Objective. Often referred to as the “silent epidemic,” Traumatic Brain Injury (TBI) is a public health concern contributing to disability and death worldwide. Our study describes a cohort of TBI patients within the PennMedicine health system and the distribution of TBI injury mechanisms and severity.
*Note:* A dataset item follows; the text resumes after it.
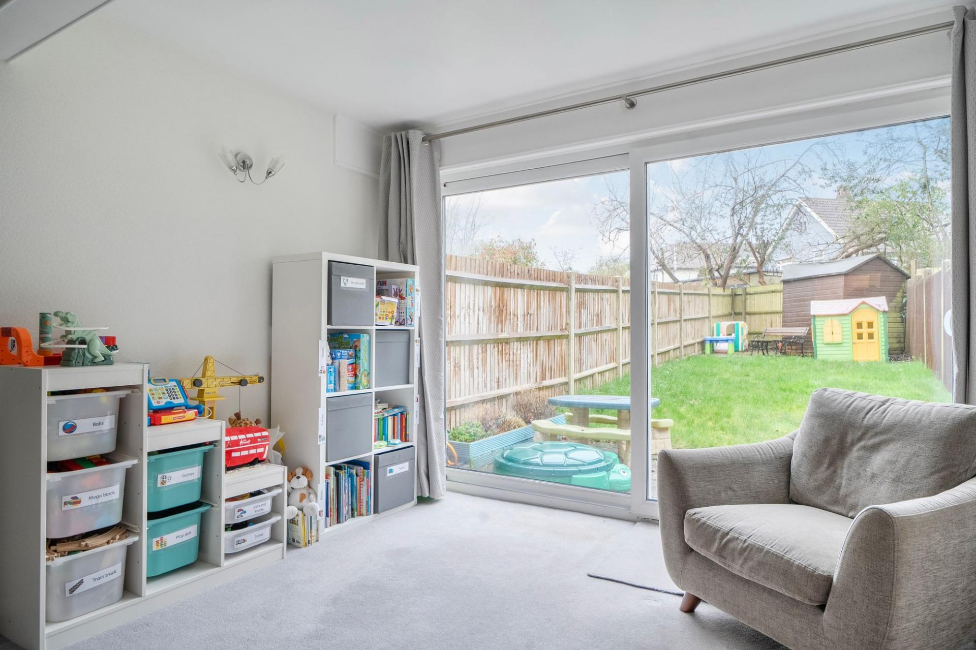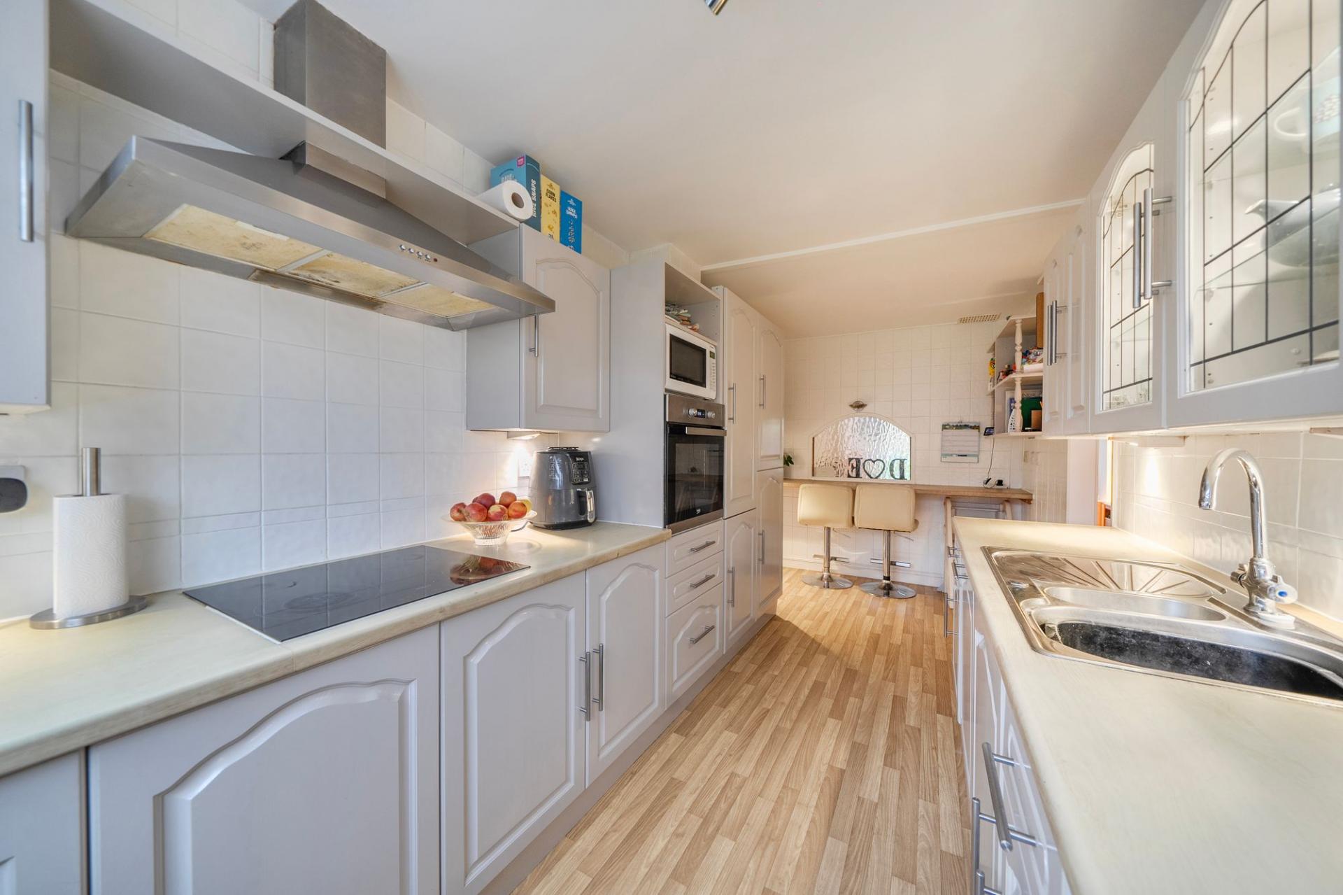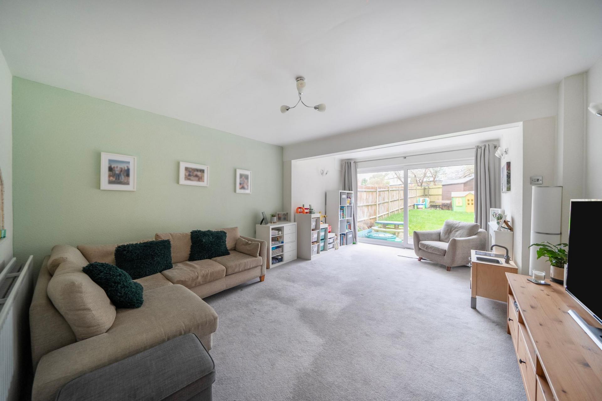 The front aspect kitchen is thoughtfully designed, offering ample storage and a stylish breakfast bar that invites casual mornings or relaxed evening chats. Move through to the rear aspect reception room, where the lounge and dining areas flow seamlessly together, creating an inviting space for entertaining or unwinding in comfort. Patio doors draw your eye towards the garden beyond, adding a sense of openness and connection to the outdoors.

Methods. We obtained Electronic Health Record data for 1,060,100 female patients treated at PennMedicine inpatient or outpatient clinics from 2010-2017. We identified patients with TBI diagnoses using ICD-9/10 codes and the Disease Control and Prevention (CDC) and Department of Defense (DOD) definitions for TBI and TBI severity. The CDC/DOD codes for TBI were then manually annotated with mechanisms of TBI injury (e.g. Sport Mechanism of Injury, Collision or Crash, Foreign Body Object). The highest TBI severity category was noted for each patient and defined, in increasing severity, as “Mild,” “Moderate,” “Severe,” or “Penetrating.” We report the distribution of TBI mechanisms and severity among this patient population.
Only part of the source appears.